Description: Re-index a disjunct collection statement. (Contributed by Thierry Arnoux, 7-Apr-2017.)

Hypotheses

Ref	Expression
disjrdx.1	⊢ (𝜑 → 𝐹:𝐴–1-1-onto→𝐶)
disjrdx.2	⊢ ((𝜑 ∧ 𝑦 = (𝐹‘𝑥)) → 𝐷 = 𝐵)

Assertion

Ref	Expression
disjrdx	⊢ (𝜑 → (Disj 𝑥 ∈ 𝐴 𝐵 ↔ Disj 𝑦 ∈ 𝐶 𝐷))

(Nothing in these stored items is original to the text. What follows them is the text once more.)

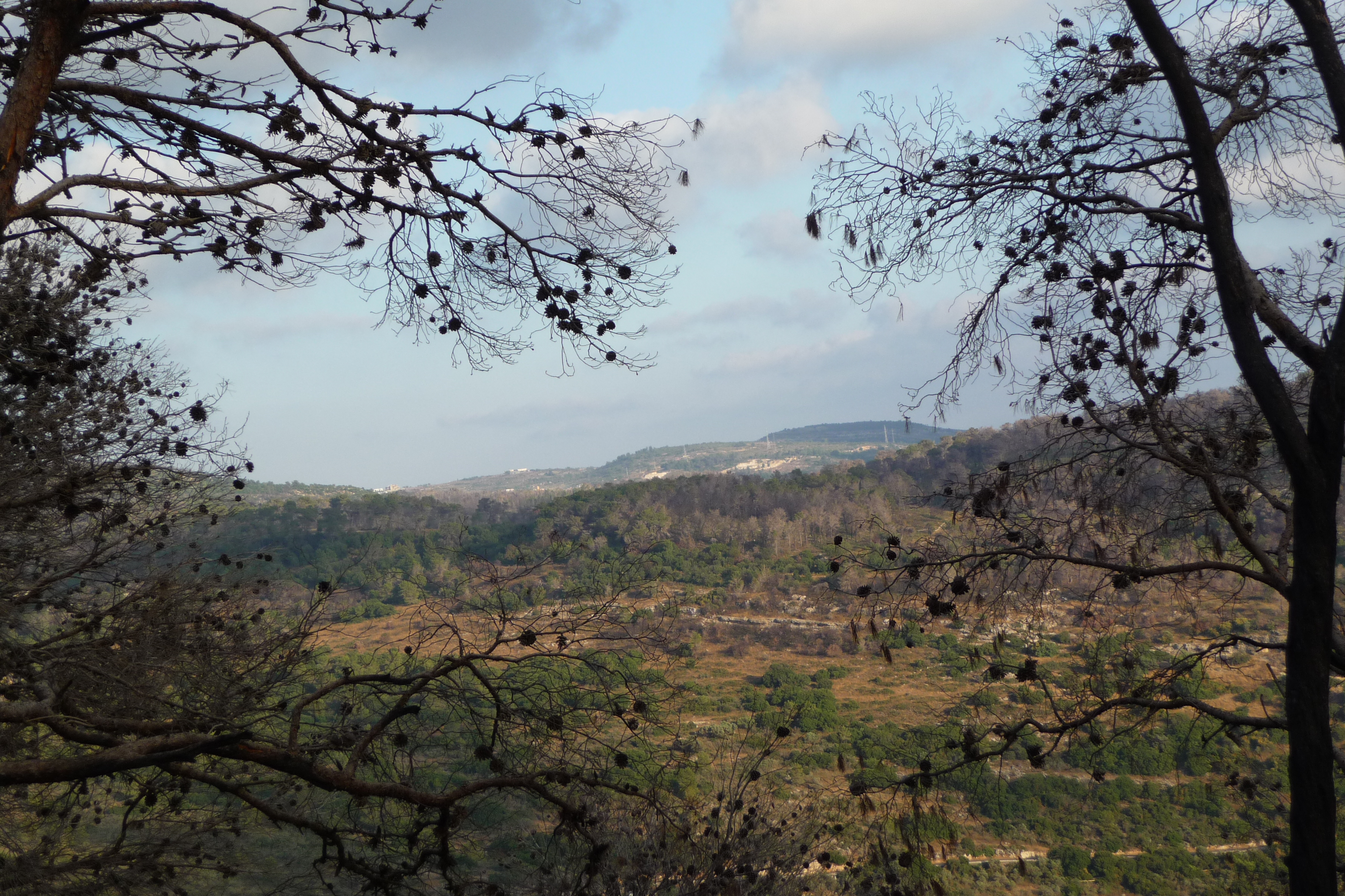 Carmel Park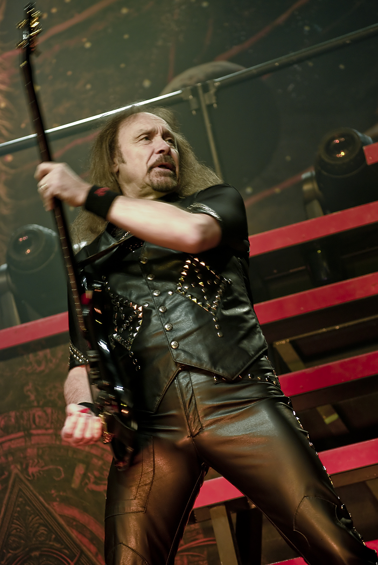 Ian Hill - founding member and bassist for the British heavy metal band Judas Priest.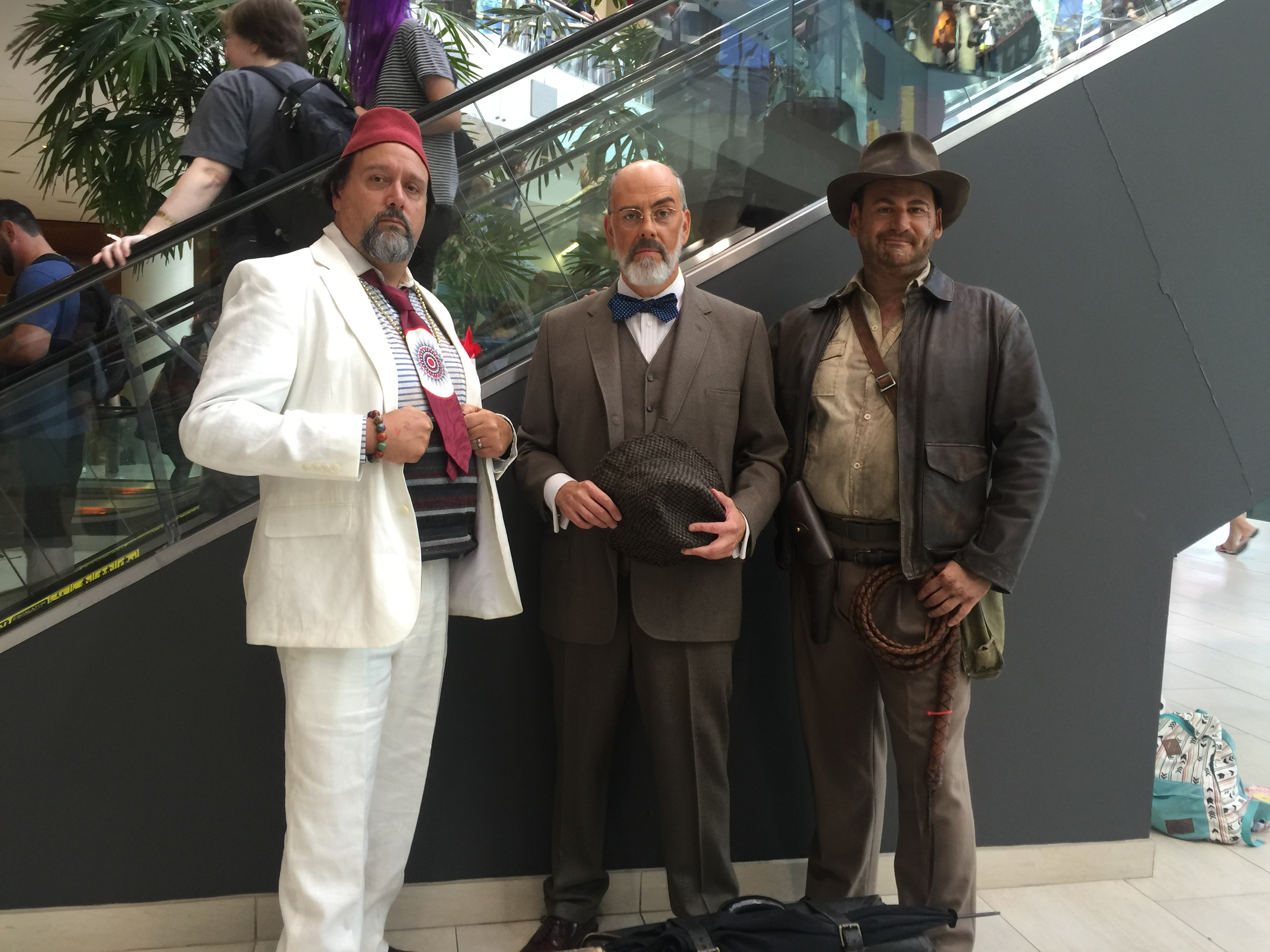 Cosplay at 2016 Fan Expo Canada.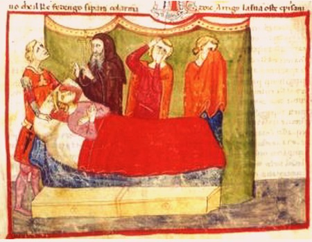 Nuova Cronica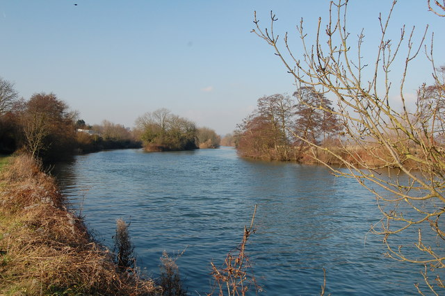 Looking upstream towards Appletree Eyot in the River Thames. The bank on the left is in the part of Tilehurst that lies within the town of Reading in the English county of Berkshire. The bank on the right is in the Oxfordshire parish of Mapledurham. Taken 29/12/08 around midday.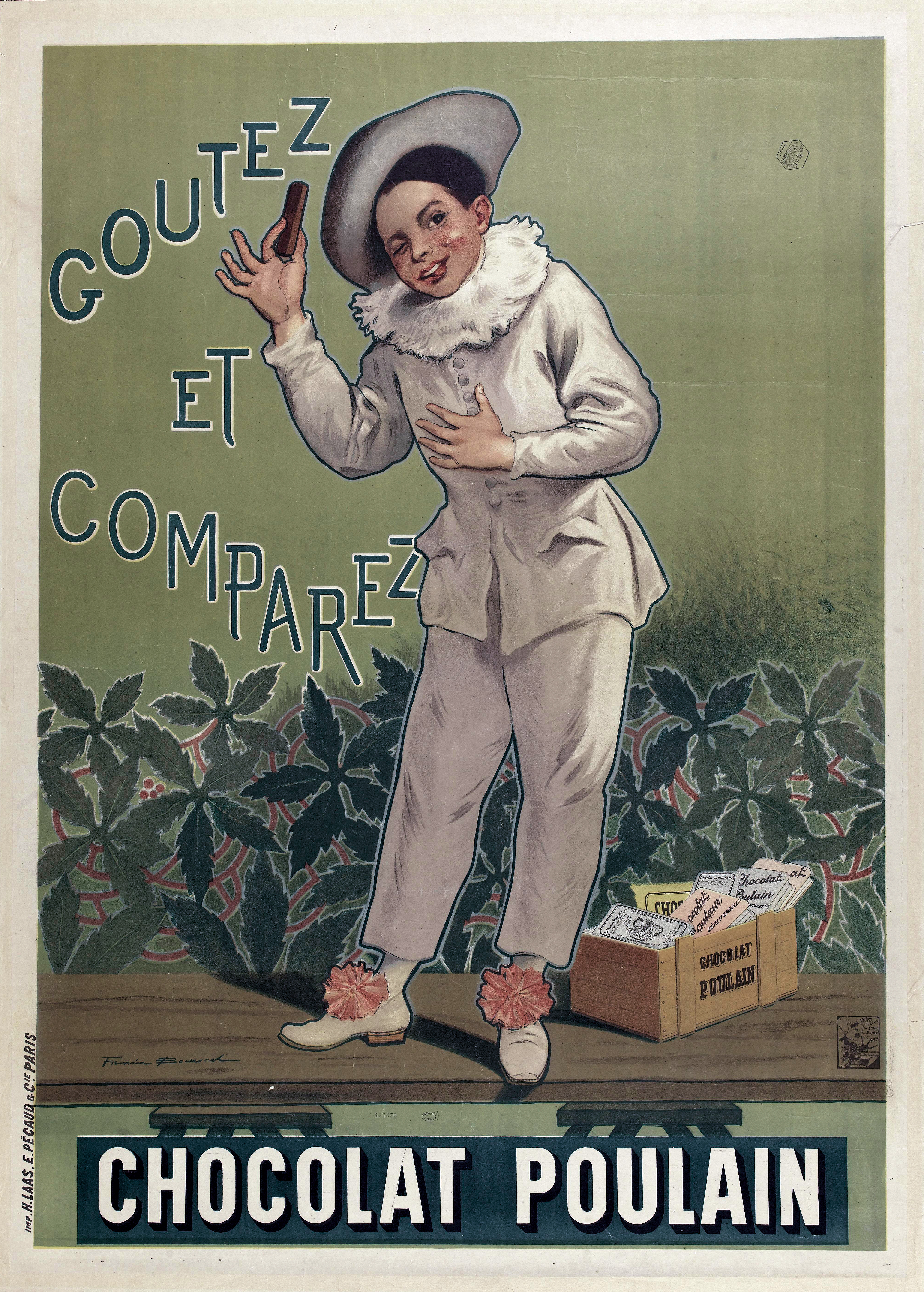 Affiche

Distinct variable groups:   𝑥,𝑦,𝐴   𝑦,𝐵   𝑥,𝐶,𝑦   𝑥,𝐷   𝑥,𝐹,𝑦   𝜑,𝑥,𝑦

Allowed substitution hints:   𝐵(𝑥)   𝐷(𝑦)

Proof of Theorem disjrdx

Dummy variable 𝑧 is distinct from all other variables.

Step	Hyp	Ref	Expression
1		disjrdx.1	. . . . . . 7 ⊢ (𝜑 → 𝐹:𝐴–1-1-onto→𝐶)
2		f1of 6823	. . . . . . 7 ⊢ (𝐹:𝐴–1-1-onto→𝐶 → 𝐹:𝐴⟶𝐶)
3	1, 2	syl 17	. . . . . 6 ⊢ (𝜑 → 𝐹:𝐴⟶𝐶)
4	3	ffvelcdmda 7079	. . . . 5 ⊢ ((𝜑 ∧ 𝑥 ∈ 𝐴) → (𝐹‘𝑥) ∈ 𝐶)
5		f1ofveu 7404	. . . . . . 7 ⊢ ((𝐹:𝐴–1-1-onto→𝐶 ∧ 𝑦 ∈ 𝐶) → ∃!𝑥 ∈ 𝐴 (𝐹‘𝑥) = 𝑦)
6	1, 5	sylan 580	. . . . . 6 ⊢ ((𝜑 ∧ 𝑦 ∈ 𝐶) → ∃!𝑥 ∈ 𝐴 (𝐹‘𝑥) = 𝑦)
7		eqcom 2743	. . . . . . 7 ⊢ ((𝐹‘𝑥) = 𝑦 ↔ 𝑦 = (𝐹‘𝑥))
8	7	reubii 3373	. . . . . 6 ⊢ (∃!𝑥 ∈ 𝐴 (𝐹‘𝑥) = 𝑦 ↔ ∃!𝑥 ∈ 𝐴 𝑦 = (𝐹‘𝑥))
9	6, 8	sylib 218	. . . . 5 ⊢ ((𝜑 ∧ 𝑦 ∈ 𝐶) → ∃!𝑥 ∈ 𝐴 𝑦 = (𝐹‘𝑥))
10		disjrdx.2	. . . . . 6 ⊢ ((𝜑 ∧ 𝑦 = (𝐹‘𝑥)) → 𝐷 = 𝐵)
11	10	eleq2d 2821	. . . . 5 ⊢ ((𝜑 ∧ 𝑦 = (𝐹‘𝑥)) → (𝑧 ∈ 𝐷 ↔ 𝑧 ∈ 𝐵))
12	4, 9, 11	rmoxfrd 32479	. . . 4 ⊢ (𝜑 → (∃*𝑦 ∈ 𝐶 𝑧 ∈ 𝐷 ↔ ∃*𝑥 ∈ 𝐴 𝑧 ∈ 𝐵))
13	12	bicomd 223	. . 3 ⊢ (𝜑 → (∃*𝑥 ∈ 𝐴 𝑧 ∈ 𝐵 ↔ ∃*𝑦 ∈ 𝐶 𝑧 ∈ 𝐷))
14	13	albidv 1920	. 2 ⊢ (𝜑 → (∀𝑧∃*𝑥 ∈ 𝐴 𝑧 ∈ 𝐵 ↔ ∀𝑧∃*𝑦 ∈ 𝐶 𝑧 ∈ 𝐷))
15		df-disj 5092	. 2 ⊢ (Disj 𝑥 ∈ 𝐴 𝐵 ↔ ∀𝑧∃*𝑥 ∈ 𝐴 𝑧 ∈ 𝐵)
16		df-disj 5092	. 2 ⊢ (Disj 𝑦 ∈ 𝐶 𝐷 ↔ ∀𝑧∃*𝑦 ∈ 𝐶 𝑧 ∈ 𝐷)
17	14, 15, 16	3bitr4g 314	1 ⊢ (𝜑 → (Disj 𝑥 ∈ 𝐴 𝐵 ↔ Disj 𝑦 ∈ 𝐶 𝐷))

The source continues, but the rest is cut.